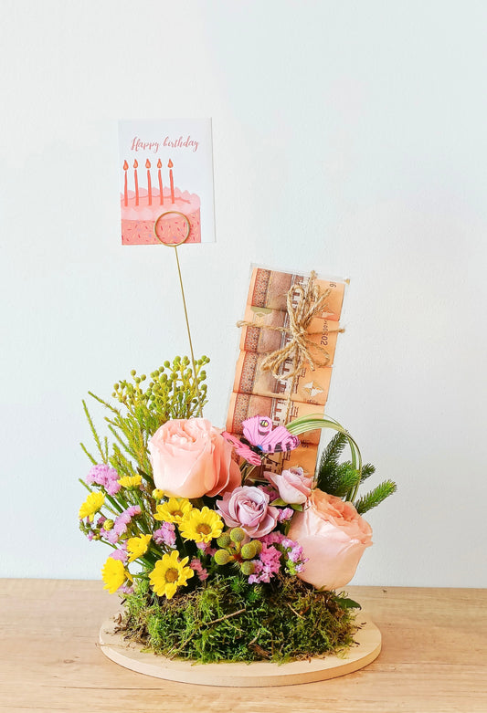 Pink Birthday Bloom Tray with Mini Cake a Dream Bites x Jude Flowers Collab
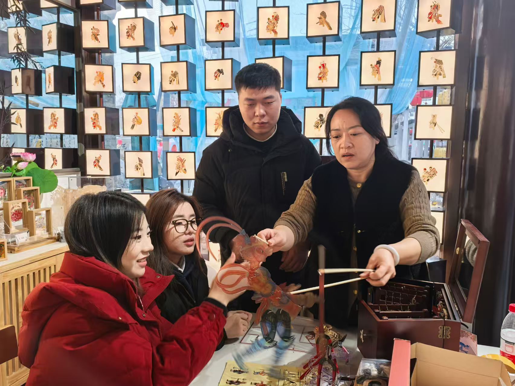 创新传承,影绘新生。团队成员前往济南皮影青年之家,聆听济南皮影戏传承人深入浅出地讲解济南皮影戏的历史渊源、艺术特色等相关知识,观看《武松打虎》《孙悟空大战蝎子精》等经典剧目表演。在观影过程中,与传统印象中的皮影戏不同,团队成员能明显感受到济南皮影戏的独特之处,它巧妙融入现代化元素和笑料,经典故事结合当下热点,以幽默诙谐的语言被讲述,让人忍俊不禁,唱腔里也偶有现代音乐的韵律,使古老艺术得到焕新。这种现代化的创新让古老的皮影戏带来别样的观赏体验,既保留传统韵味,又符合当代各年龄段观众的喜好。在讲解期间,团队成员从游戏《黑神话︰悟空》中提出应如何看待科技带领非遗传承的问题,传承人表示,在当今科技创新的时代浪潮下,皮影戏艺术确实需要与时俱进,但前提是牢牢坚守其文化根本,只有在稳固根基的基础上合理创新,才能既让皮影戏贴合现代观众的审美需求,又不失其独特的艺术价值与文化内涵,实现传统文化的可持续传承与发展。在讲解与表演结束后,传承人现场传授皮影操纵技巧。团队成员认真聆听、仔细观察,纷纷亲自上台尝试,演绎一段段精彩小故事。在实践过程中,大家切实感受到济南皮影操纵的乐趣与挑战,也对济南皮影戏这一古老非遗艺术有了更为深刻的感悟与认知。
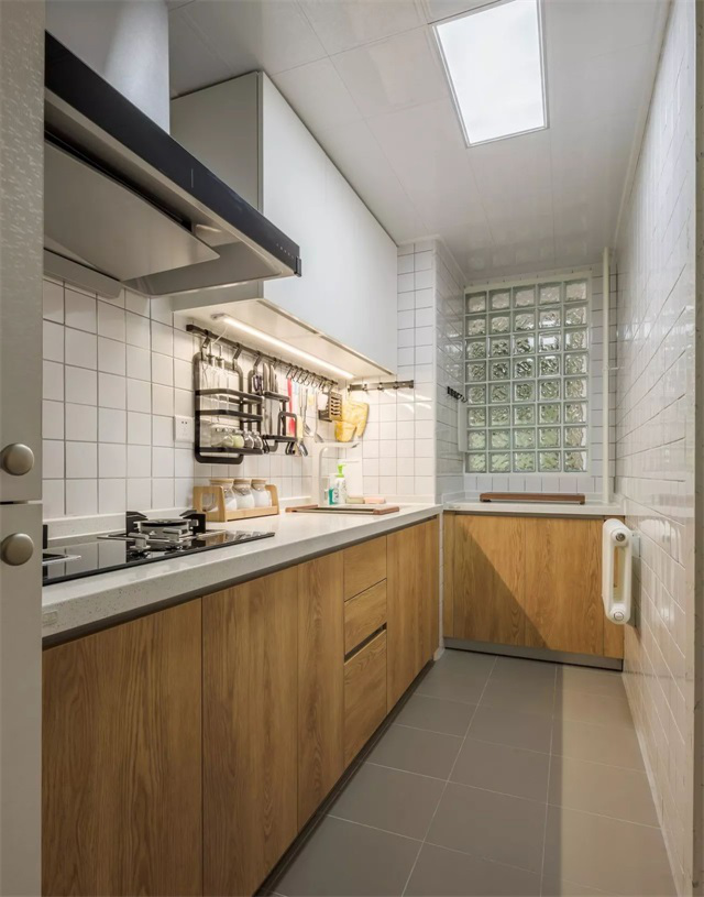 ▲ 厨房在户型中间,没有窗户,在一端开个洞用玻璃砖替换
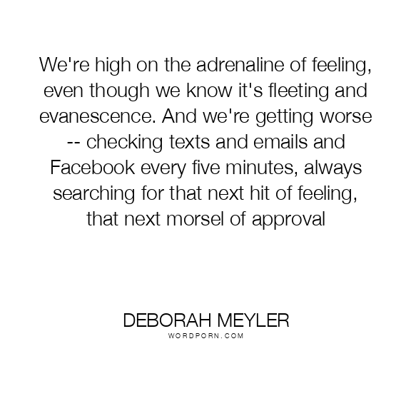 We're high on the adrenaline of feeling, even though we know it's fleeting and evanescence. And we're getting worse -- checking texts and emails and Facebook every five minutes, always searching for that next hit of feeling, that next morsel of approval
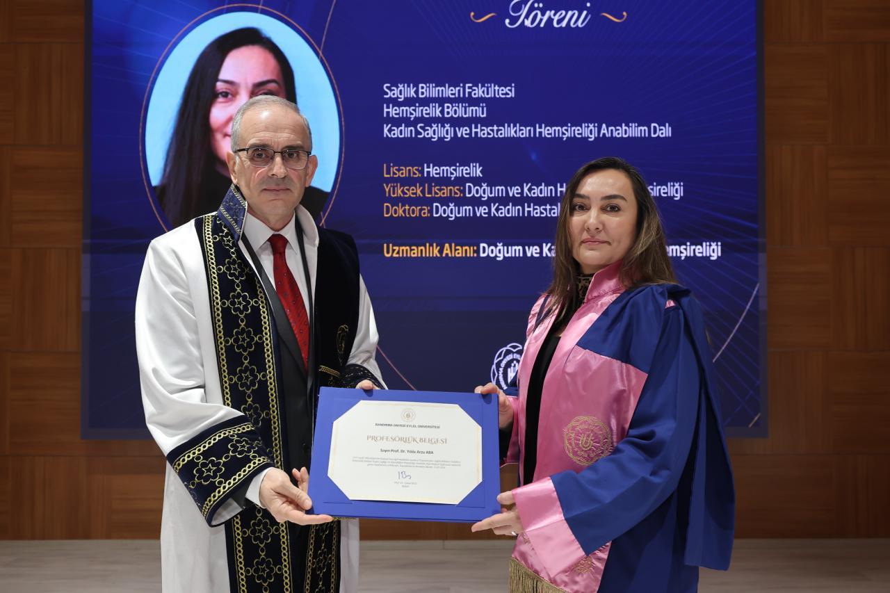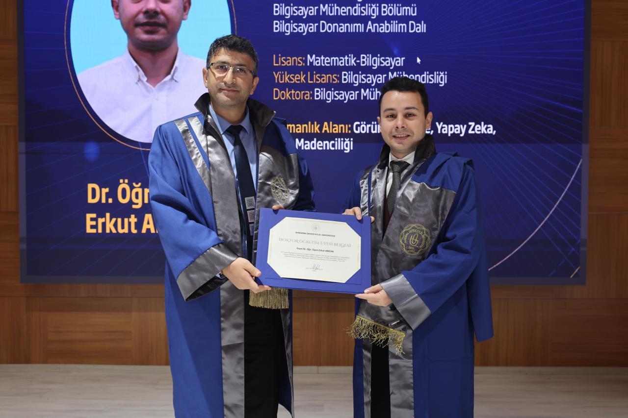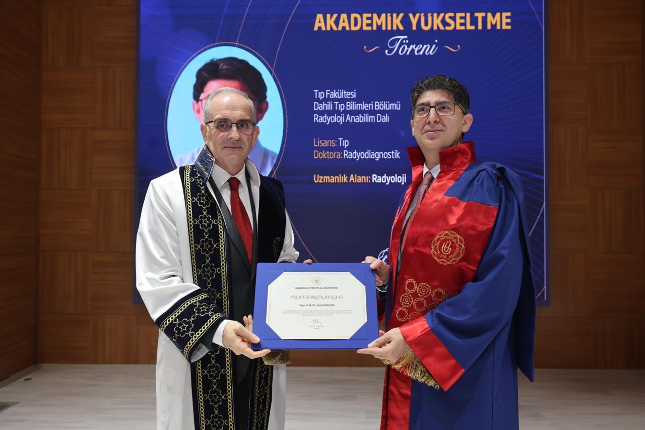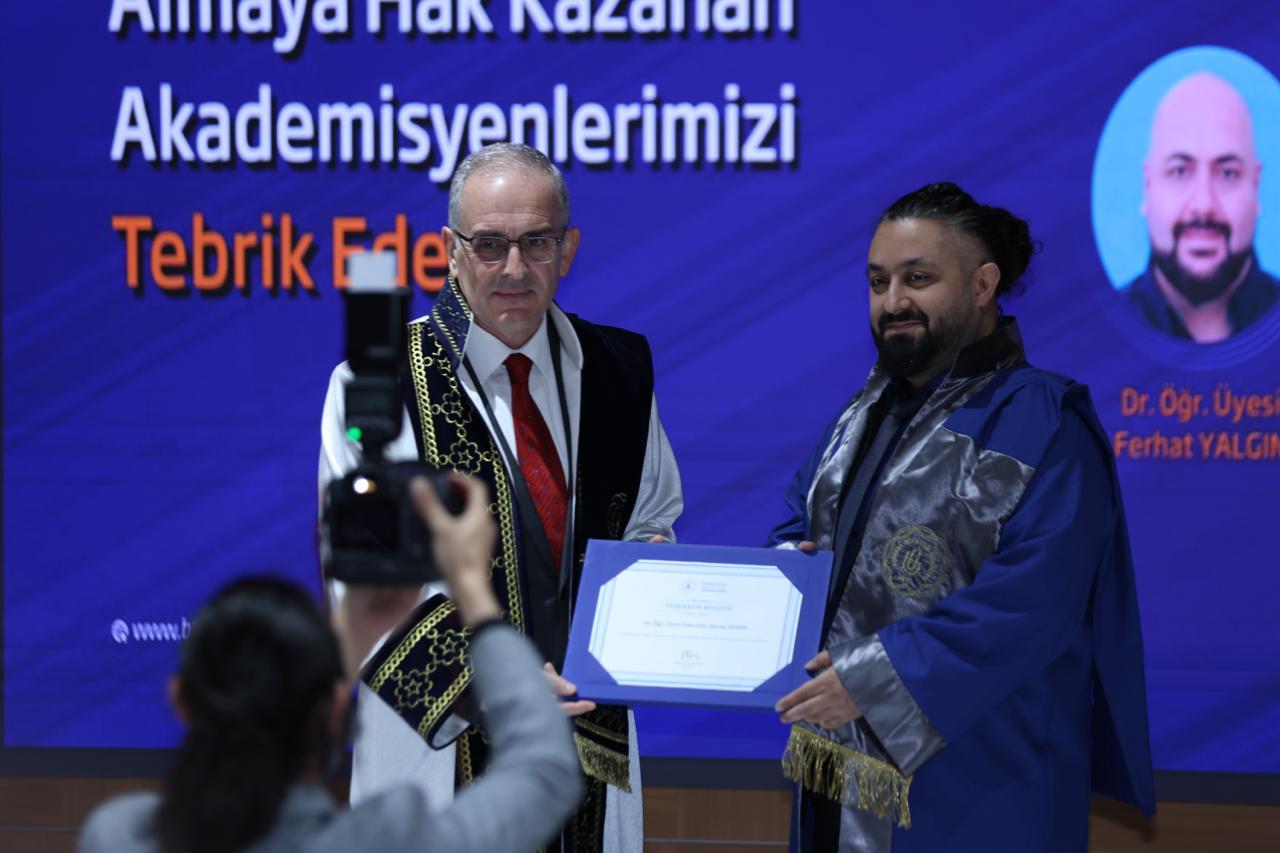 Akademik yükseltme süreci kapsamında ise; 2024 ve 2025 yıllarında profesör, doçent ve dr. öğretim üyesi unvanlarını almaya hak kazanan öğretim üyelerimize belgeleri takdim edildi.

**Try it**
In the records above, find the line that contains "创新传承,影绘新生。团队成员" and retype it and all lines after it exactly, leaving out any pictures.

**Solution to this problem**
 创新传承,影绘新生。团队成员前往济南皮影青年之家,聆听济南皮影戏传承人深入浅出地讲解济南皮影戏的历史渊源、艺术特色等相关知识,观看《武松打虎》《孙悟空大战蝎子精》等经典剧目表演。在观影过程中,与传统印象中的皮影戏不同,团队成员能明显感受到济南皮影戏的独特之处,它巧妙融入现代化元素和笑料,经典故事结合当下热点,以幽默诙谐的语言被讲述,让人忍俊不禁,唱腔里也偶有现代音乐的韵律,使古老艺术得到焕新。这种现代化的创新让古老的皮影戏带来别样的观赏体验,既保留传统韵味,又符合当代各年龄段观众的喜好。在讲解期间,团队成员从游戏《黑神话︰悟空》中提出应如何看待科技带领非遗传承的问题,传承人表示,在当今科技创新的时代浪潮下,皮影戏艺术确实需要与时俱进,但前提是牢牢坚守其文化根本,只有在稳固根基的基础上合理创新,才能既让皮影戏贴合现代观众的审美需求,又不失其独特的艺术价值与文化内涵,实现传统文化的可持续传承与发展。在讲解与表演结束后,传承人现场传授皮影操纵技巧。团队成员认真聆听、仔细观察,纷纷亲自上台尝试,演绎一段段精彩小故事。在实践过程中,大家切实感受到济南皮影操纵的乐趣与挑战,也对济南皮影戏这一古老非遗艺术有了更为深刻的感悟与认知。
 ▲ 厨房在户型中间,没有窗户,在一端开个洞用玻璃砖替换
 We're high on the adrenaline of feeling, even though we know it's fleeting and evanescence. And we're getting worse -- checking texts and emails and Facebook every five minutes, always searching for that next hit of feeling, that next morsel of approval
 Akademik yükseltme süreci kapsamında ise; 2024 ve 2025 yıllarında profesör, doçent ve dr. öğretim üyesi unvanlarını almaya hak kazanan öğretim üyelerimize belgeleri takdim edildi.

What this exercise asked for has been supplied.